Equity securities without readily determinable fair values

As of December 31, 2022 and 2023, the Company’s equity investments without readily determinable fair value primarily consist of small, non-controlling investments in companies for which the Company has equity ownership but cannot exert significant influence. Such equity securities without readily determinable fair values are measured and recorded using a measurement alternative that measures the securities at cost as adjusted for observable price changes and impairments.The balance of equity securities without readily determinable fair values were RMB245 million and RMB359 million as of December 31, 2022 and 2023, respectively. Re-measurement gain being recognized in connection with equity investments accounted for using the measurement alternative for the years ended December 31, 2021, 2022 and 2023 were nil, nil and RMB21 million, respectively.

Equity securities with readily determinable fair values

In 2023, the Group purchased ordinary shares of an A share listed company, with total consideration of RMB180 million. As of December 31, 2023, fair value of the equity securities in Lifecome was RMB330 million. Change in fair value income of RMB150 million was recorded for the year ended December 31, 2023.
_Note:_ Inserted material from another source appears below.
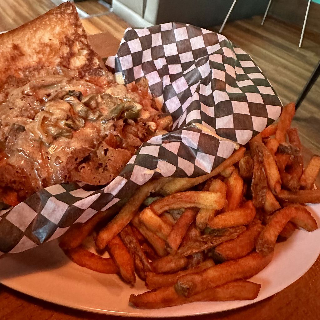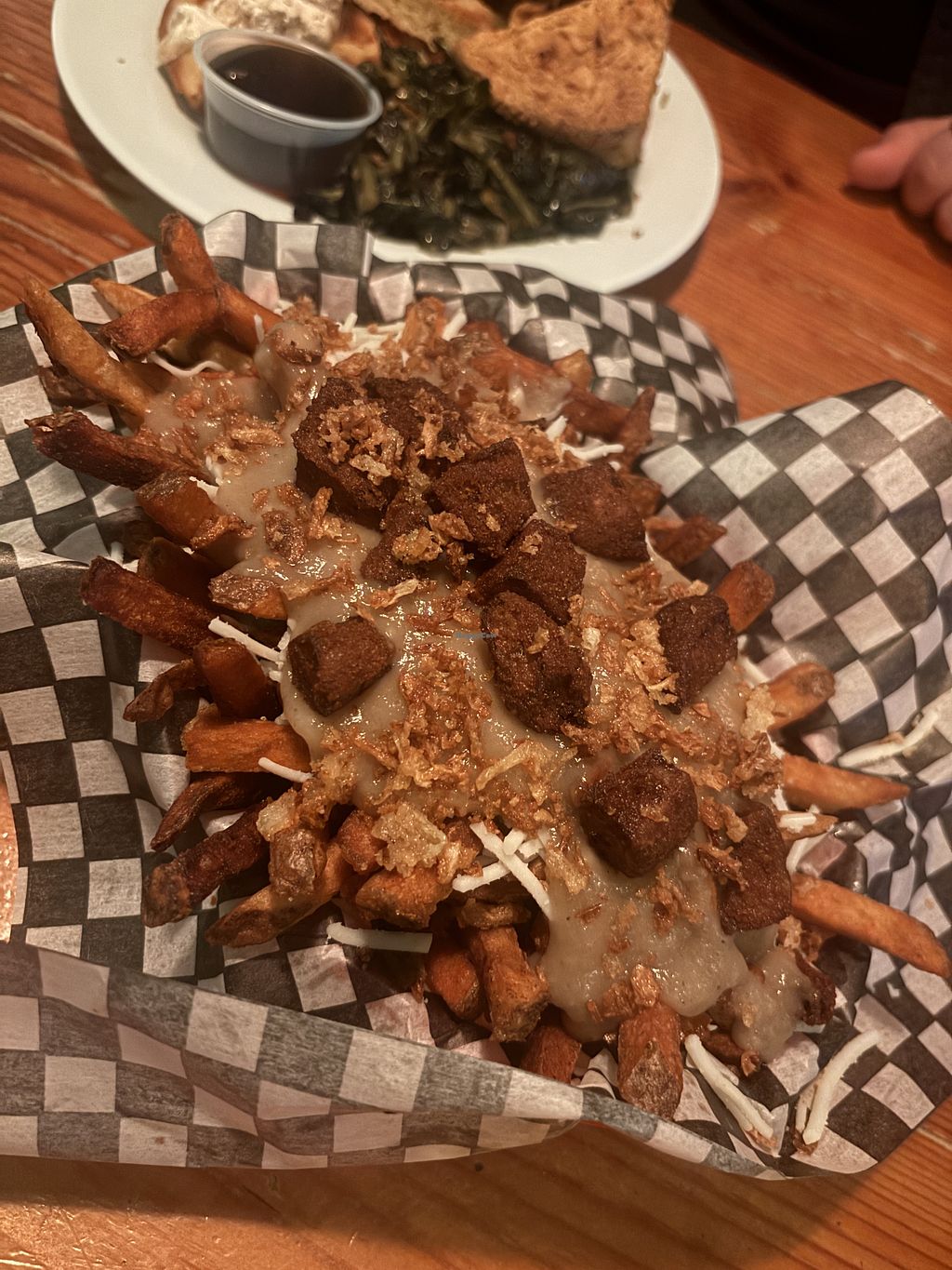 Read moreHogtown's atmosphere is cool and relaxed. The indoor seating is eclectic. The outdoor seating is simple. We ordered the Mac and Cheese, Poutine Dream (when in Canada, and obviously not a Southern U.S. creation), and Seitan Chicken-fried Steak. Warning: Order light because the portions are hospitable at an affordable price. The Mac and Cheese is light, creamy, with a good level of smoke and spice, and topped with breadcrumbs. The Poutine Dream is smothered with a rosemary gravy that sings. The fried seitan strips, chewy and moist, compound the high achievement of this dish. I wished for vegan curds, but the Daiya cheese is a welcome substitute. The Seitan Chicken-fried Steak was the star of the meal, perfectly breaded and fried with an incredibly complex seitan texture that left me wondering if this was house-made or store-bought. Either way, I need more of this "steak" in my life.

Equity securities applying fair value option

In June 2022, the Group made capital injection in cash with the amount of RMB77 million in a private company based in China and owns 2.98% equity interests. The Group irrevocably elected fair value option to initially and subsequently measure the investment in the private company in its entirety at fair value with changes in fair value recognized in earnings. As at December 31, 2022 and 2023, fair value of the equity securities was RMB179 million and RMB229 million, respectively. Change in fair value income of RMB102 million and RMB50 million were recorded for the year ended December 31, 2022 and 2023, respectively.